++++ Information supplied ++++

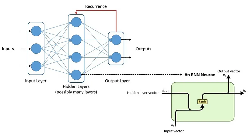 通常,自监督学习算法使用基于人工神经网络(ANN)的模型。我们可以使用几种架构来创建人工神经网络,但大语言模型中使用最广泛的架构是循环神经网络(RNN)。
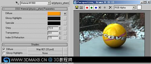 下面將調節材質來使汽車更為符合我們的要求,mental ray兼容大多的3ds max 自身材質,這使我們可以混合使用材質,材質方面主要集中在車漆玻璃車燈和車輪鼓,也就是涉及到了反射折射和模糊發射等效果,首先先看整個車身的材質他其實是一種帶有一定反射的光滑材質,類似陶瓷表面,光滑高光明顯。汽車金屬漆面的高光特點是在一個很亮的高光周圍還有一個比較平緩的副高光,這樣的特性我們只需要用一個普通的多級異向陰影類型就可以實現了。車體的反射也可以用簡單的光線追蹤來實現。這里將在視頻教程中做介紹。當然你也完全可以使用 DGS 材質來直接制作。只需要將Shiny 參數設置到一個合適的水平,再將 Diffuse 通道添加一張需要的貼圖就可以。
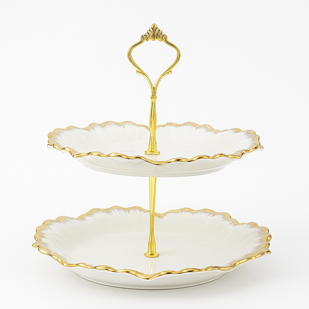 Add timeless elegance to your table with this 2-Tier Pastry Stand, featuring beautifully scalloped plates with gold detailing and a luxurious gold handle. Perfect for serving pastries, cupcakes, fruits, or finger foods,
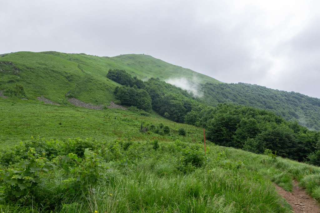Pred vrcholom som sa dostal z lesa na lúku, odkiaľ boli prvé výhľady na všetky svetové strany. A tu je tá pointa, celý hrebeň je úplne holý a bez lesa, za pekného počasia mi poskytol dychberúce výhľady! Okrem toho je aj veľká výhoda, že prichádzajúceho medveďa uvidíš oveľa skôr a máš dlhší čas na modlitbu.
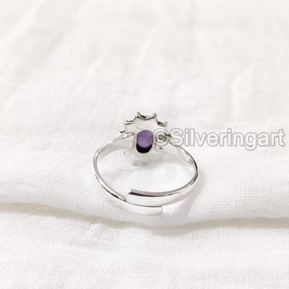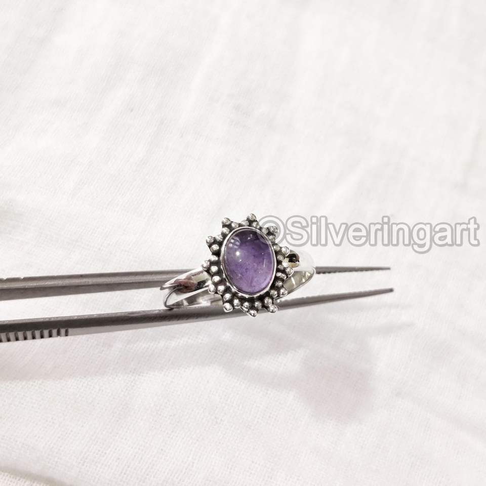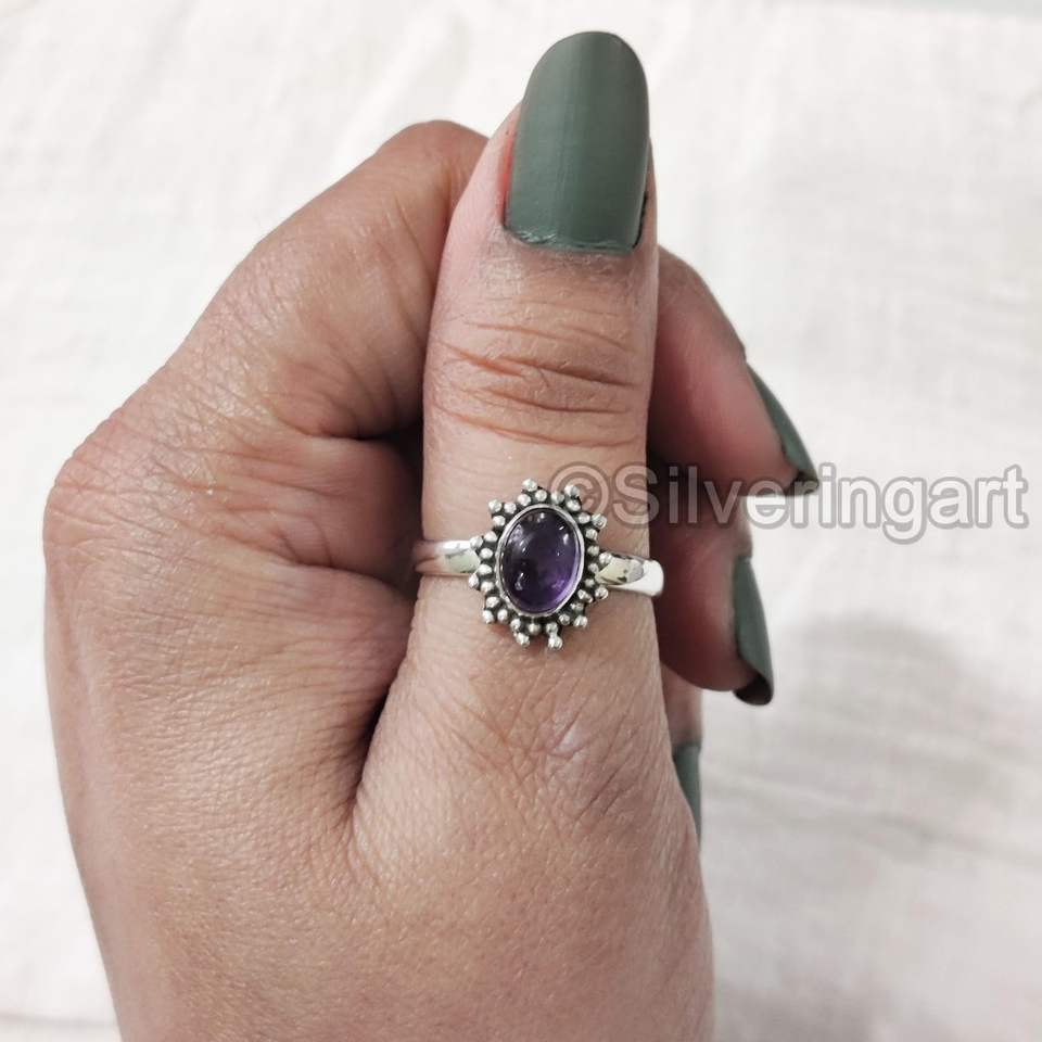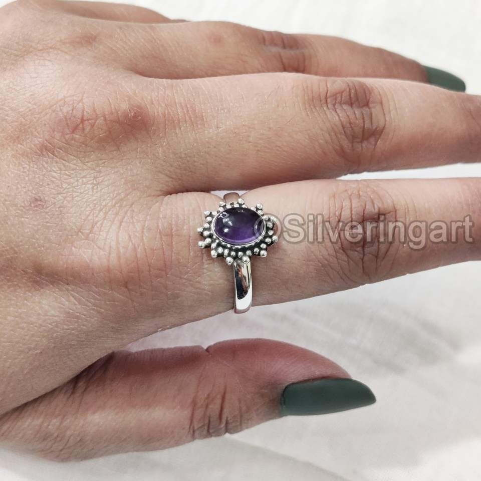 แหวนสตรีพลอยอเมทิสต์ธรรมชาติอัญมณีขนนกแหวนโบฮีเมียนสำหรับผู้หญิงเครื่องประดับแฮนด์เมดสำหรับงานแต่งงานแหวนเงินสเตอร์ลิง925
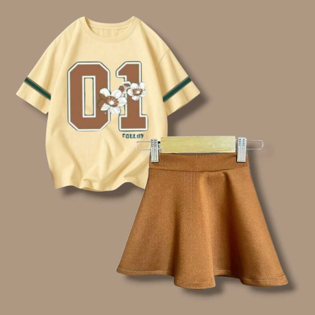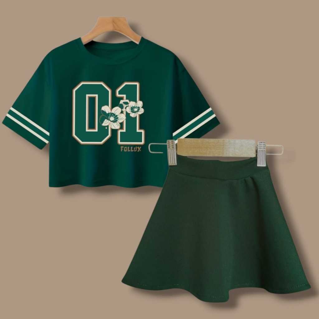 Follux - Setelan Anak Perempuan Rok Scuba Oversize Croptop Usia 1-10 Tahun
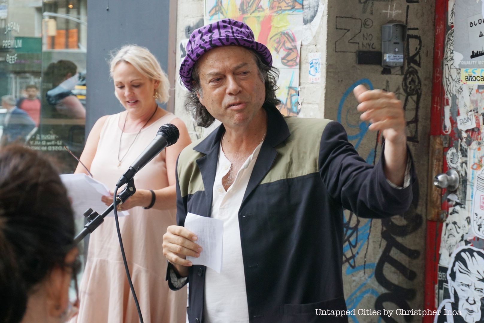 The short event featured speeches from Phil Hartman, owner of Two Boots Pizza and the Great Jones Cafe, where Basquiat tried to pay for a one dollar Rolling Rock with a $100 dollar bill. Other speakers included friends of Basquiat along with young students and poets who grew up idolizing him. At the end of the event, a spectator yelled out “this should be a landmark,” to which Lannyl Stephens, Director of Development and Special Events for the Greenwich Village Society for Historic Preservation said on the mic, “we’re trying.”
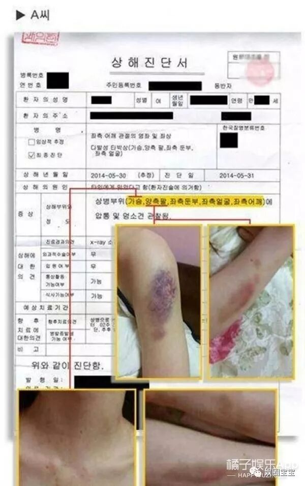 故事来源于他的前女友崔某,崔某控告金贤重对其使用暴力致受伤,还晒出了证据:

++++

Instructions to follow
Each record has to be set down verbatim, and the pictures must not appear in the copy.

Solution to this task
 通常,自监督学习算法使用基于人工神经网络(ANN)的模型。我们可以使用几种架构来创建人工神经网络,但大语言模型中使用最广泛的架构是循环神经网络(RNN)。
 下面將調節材質來使汽車更為符合我們的要求,mental ray兼容大多的3ds max 自身材質,這使我們可以混合使用材質,材質方面主要集中在車漆玻璃車燈和車輪鼓,也就是涉及到了反射折射和模糊發射等效果,首先先看整個車身的材質他其實是一種帶有一定反射的光滑材質,類似陶瓷表面,光滑高光明顯。汽車金屬漆面的高光特點是在一個很亮的高光周圍還有一個比較平緩的副高光,這樣的特性我們只需要用一個普通的多級異向陰影類型就可以實現了。車體的反射也可以用簡單的光線追蹤來實現。這里將在視頻教程中做介紹。當然你也完全可以使用 DGS 材質來直接制作。只需要將Shiny 參數設置到一個合適的水平,再將 Diffuse 通道添加一張需要的貼圖就可以。
 Add timeless elegance to your table with this 2-Tier Pastry Stand, featuring beautifully scalloped plates with gold detailing and a luxurious gold handle. Perfect for serving pastries, cupcakes, fruits, or finger foods,
Pred vrcholom som sa dostal z lesa na lúku, odkiaľ boli prvé výhľady na všetky svetové strany. A tu je tá pointa, celý hrebeň je úplne holý a bez lesa, za pekného počasia mi poskytol dychberúce výhľady! Okrem toho je aj veľká výhoda, že prichádzajúceho medveďa uvidíš oveľa skôr a máš dlhší čas na modlitbu.
 แหวนสตรีพลอยอเมทิสต์ธรรมชาติอัญมณีขนนกแหวนโบฮีเมียนสำหรับผู้หญิงเครื่องประดับแฮนด์เมดสำหรับงานแต่งงานแหวนเงินสเตอร์ลิง925
 Follux - Setelan Anak Perempuan Rok Scuba Oversize Croptop Usia 1-10 Tahun
 The short event featured speeches from Phil Hartman, owner of Two Boots Pizza and the Great Jones Cafe, where Basquiat tried to pay for a one dollar Rolling Rock with a $100 dollar bill. Other speakers included friends of Basquiat along with young students and poets who grew up idolizing him. At the end of the event, a spectator yelled out “this should be a landmark,” to which Lannyl Stephens, Director of Development and Special Events for the Greenwich Village Society for Historic Preservation said on the mic, “we’re trying.”
 故事来源于他的前女友崔某,崔某控告金贤重对其使用暴力致受伤,还晒出了证据:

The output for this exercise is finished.